Climax
  • Climax is that point near the end of your story whereupon everything you’ve been building toward comes together at last in an EXPLOSION of activity.

    A good novel consists of four primary components, all of which interact in a symbiotic way. Those elements are plot, character, theme, and style.

    (The recapitulation of theme-and-plot combined is what I call The Situation.)

    Of those four components, the first three are primarily concerned with subject-matter, and the last — style, which is the most complex component of all — is concerned with presentation.

    Presentation is The How of art.

    At root, all artworks consist of two basic elements: subject and style — i.e. the what and the how.

    There’s what you present (a love affair, a battle, a contest, a sunset) and there’s how you present it (clearly, dryly, concisely, sprawlingly, strangely, beautifully).

    The Who are your characters. They’re part of The What.

    All these elements are brought together by the climax.

    Climax is a sub-division of plot, and it marks the beginning of the end of your story. Climax is culmination. It is resolution.

    A good resolution will invariably leave the reader feeling satisfied.

    Climax is the point at which your characters and their conflicts are resolved.

    Remember this: the greater the struggle, the better the plot, the more satisfying the resolution.

    The climax of Raiders of the Lost Ark is when the Ark of the Covenant is finally opened. That is an example of a climax that delivers very well.

    The climax of Star Wars, which is also a satisfying climax, is when Luke Skywalker destroys the Death Star.

    A good climax resolves all conflicts that the writer has developed throughout the course of the story.

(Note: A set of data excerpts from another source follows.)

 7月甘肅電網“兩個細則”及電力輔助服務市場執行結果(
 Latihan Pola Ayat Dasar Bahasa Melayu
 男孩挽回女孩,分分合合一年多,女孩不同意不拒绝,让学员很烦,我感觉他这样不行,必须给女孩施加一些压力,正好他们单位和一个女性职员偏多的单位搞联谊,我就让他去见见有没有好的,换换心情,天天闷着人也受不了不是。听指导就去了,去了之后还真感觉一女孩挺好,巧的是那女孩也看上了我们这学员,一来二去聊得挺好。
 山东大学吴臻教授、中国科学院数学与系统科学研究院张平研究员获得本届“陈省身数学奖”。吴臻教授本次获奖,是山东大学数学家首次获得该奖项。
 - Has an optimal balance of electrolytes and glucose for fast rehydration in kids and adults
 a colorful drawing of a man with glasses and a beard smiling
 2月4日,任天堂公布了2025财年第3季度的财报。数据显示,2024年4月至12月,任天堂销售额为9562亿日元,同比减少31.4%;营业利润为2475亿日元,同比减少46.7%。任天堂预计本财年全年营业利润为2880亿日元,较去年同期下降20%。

When Chekov gave his famous advice — “Never hang a shotgun on the wall in the first act if you don’t intend for it to go off in the third” — he was speaking partly of climax, and here he spoke well.

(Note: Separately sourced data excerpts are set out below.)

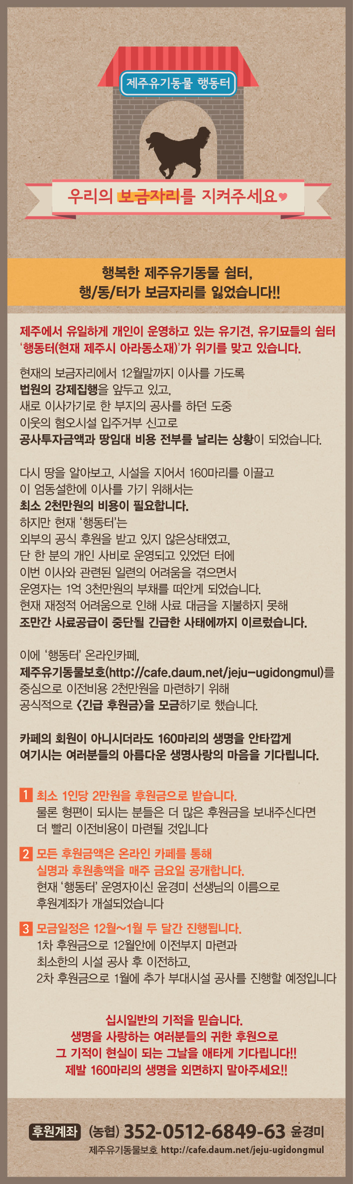 작성자핫초ㅑㅑ 작성시간 12.12.14 안그래도유기견후원하고싶었는데조금이라도해야겠다ㅠㅠ
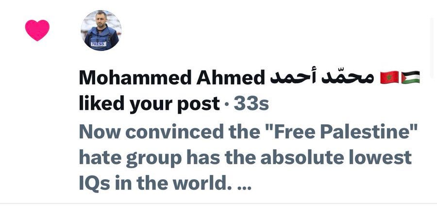 First person that liked this post. Even fake Gaza "journalists" agree with me.Elena FeliciaApr 04, 2026ShareFirst person that liked this post. Even fake Gaza "journalists" agree with me.
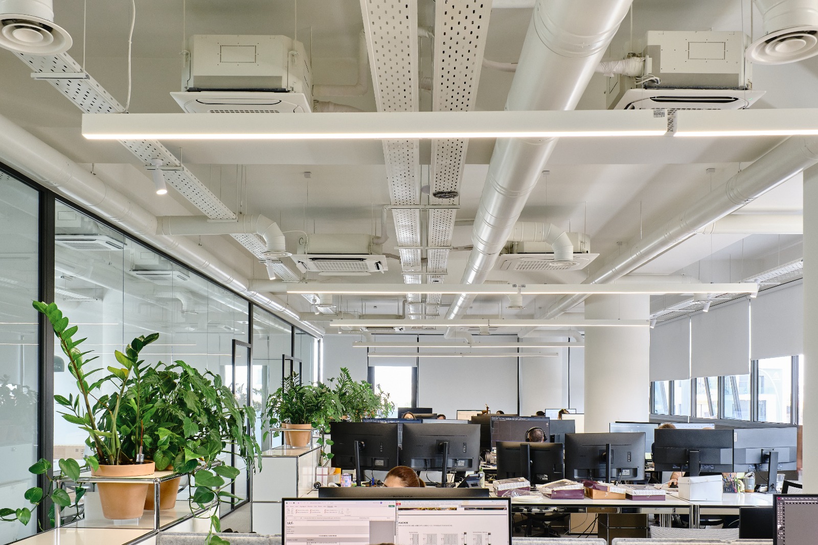The building includes three modern offices — one on each floor — and a shared roof terrace for relaxation and informal meetings, making it an ideal place for business.
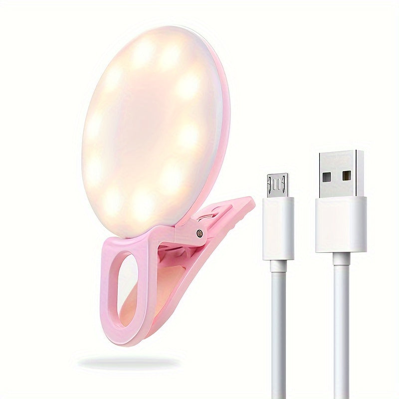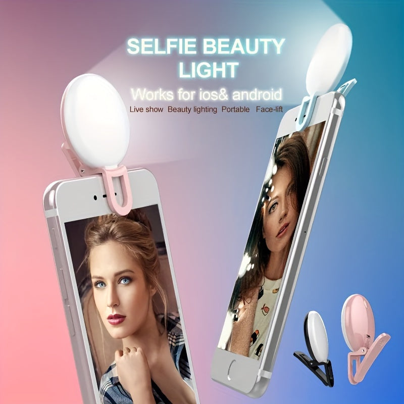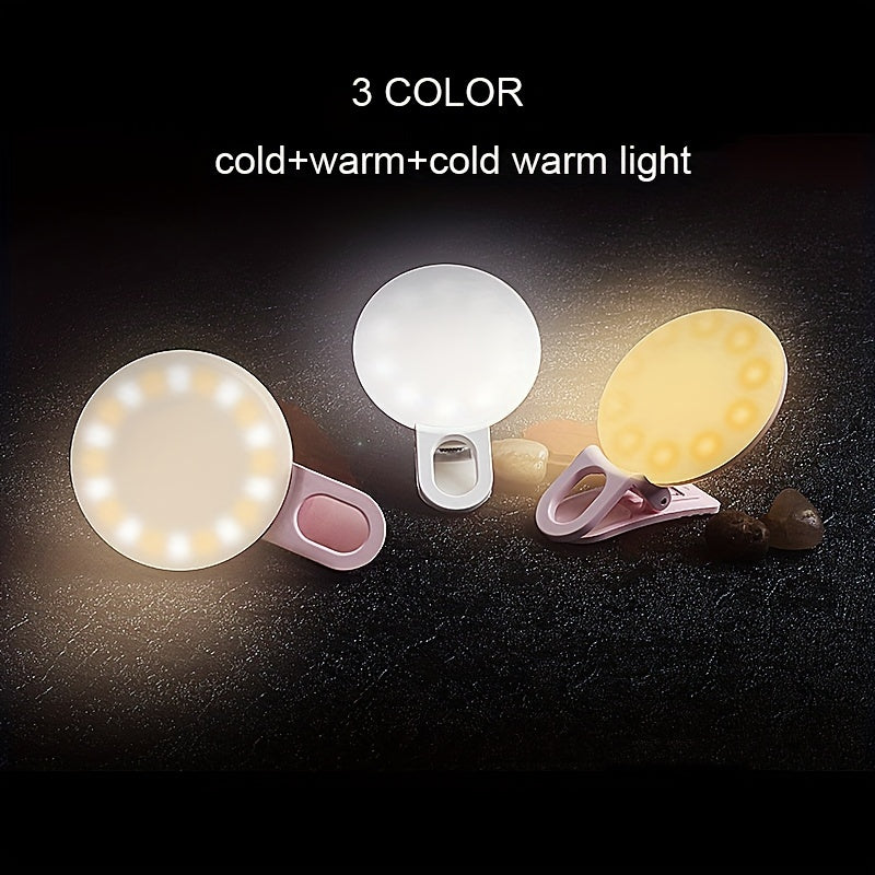 Клипсовый профессиональный светодиодный кольцевой свет с 3 цветовыми режимами для селфи на смартфоне, с теплыми и белыми световыми опциями.

    A poorly constructed climax is one that does not resolve the conflicts. David Lynch’s movie Fire Walk With Me is an example of this.

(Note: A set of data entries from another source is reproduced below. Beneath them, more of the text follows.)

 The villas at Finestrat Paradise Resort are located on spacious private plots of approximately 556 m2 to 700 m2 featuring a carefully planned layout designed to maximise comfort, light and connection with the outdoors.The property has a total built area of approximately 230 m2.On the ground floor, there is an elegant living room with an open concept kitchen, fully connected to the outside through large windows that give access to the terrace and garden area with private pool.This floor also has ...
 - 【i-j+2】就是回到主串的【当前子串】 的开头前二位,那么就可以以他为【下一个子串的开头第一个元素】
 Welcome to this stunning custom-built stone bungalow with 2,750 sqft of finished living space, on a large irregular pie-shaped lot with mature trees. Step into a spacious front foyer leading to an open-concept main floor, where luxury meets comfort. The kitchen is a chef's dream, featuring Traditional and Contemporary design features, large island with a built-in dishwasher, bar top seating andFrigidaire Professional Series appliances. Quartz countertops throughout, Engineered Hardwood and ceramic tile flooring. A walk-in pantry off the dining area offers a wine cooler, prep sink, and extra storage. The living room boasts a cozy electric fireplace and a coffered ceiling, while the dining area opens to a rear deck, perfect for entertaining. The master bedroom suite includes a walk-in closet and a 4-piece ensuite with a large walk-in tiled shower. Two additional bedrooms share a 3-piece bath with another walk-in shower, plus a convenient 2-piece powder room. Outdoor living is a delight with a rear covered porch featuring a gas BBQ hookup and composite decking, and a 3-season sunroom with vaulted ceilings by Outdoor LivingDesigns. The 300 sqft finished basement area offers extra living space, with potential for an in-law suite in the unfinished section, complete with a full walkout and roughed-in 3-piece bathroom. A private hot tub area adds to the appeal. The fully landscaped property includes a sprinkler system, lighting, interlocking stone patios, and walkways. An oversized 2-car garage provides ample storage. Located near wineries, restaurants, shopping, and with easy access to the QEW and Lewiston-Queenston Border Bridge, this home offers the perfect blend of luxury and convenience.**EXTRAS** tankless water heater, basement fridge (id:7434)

    Anticlimax is a minor or inconsequential event after the climax that doesn’t flow naturally from the climax and thus has no logical necessity to the plot. Anticlimax is a flaw: it is bad writing. For example, if in the first Rocky movie, Rocky Balboa and Apollo Creed had begun haggling over their purse after the fight (which is the climax, and a very good one at that) this would be an example of anticlimax.

    (Sidenote: the term anticlimax has developed a secondary meaning: when the climax or punchline doesn’t deliver or isn’t satisfying — usually because the means by which it’s done are painfully trivial.)

    Often I’m asked how best to go about the business of novel writing. It’s a difficult question to answer, in part because there’s so much that goes into the process, but one of the most useful pieces of advice I’ve discovered is this:

    When you’re building a plot, come up with your climax first. If you can construct a climax that brings all your characters and their conflicts together, you can in essence write backwards from that point. (By that I don’t necessarily mean you write chronologically backwards, although I have known writers who do exactly that.)

    The reason I think this is so useful is that if you have a solid climax, you’ll always be dramatically safe. You’ll still make errors along the way — if, that is, you’re anything like me (heaven help you) — but if your climax is sound, those errors can easily be fixed in the revision process, and your story will live.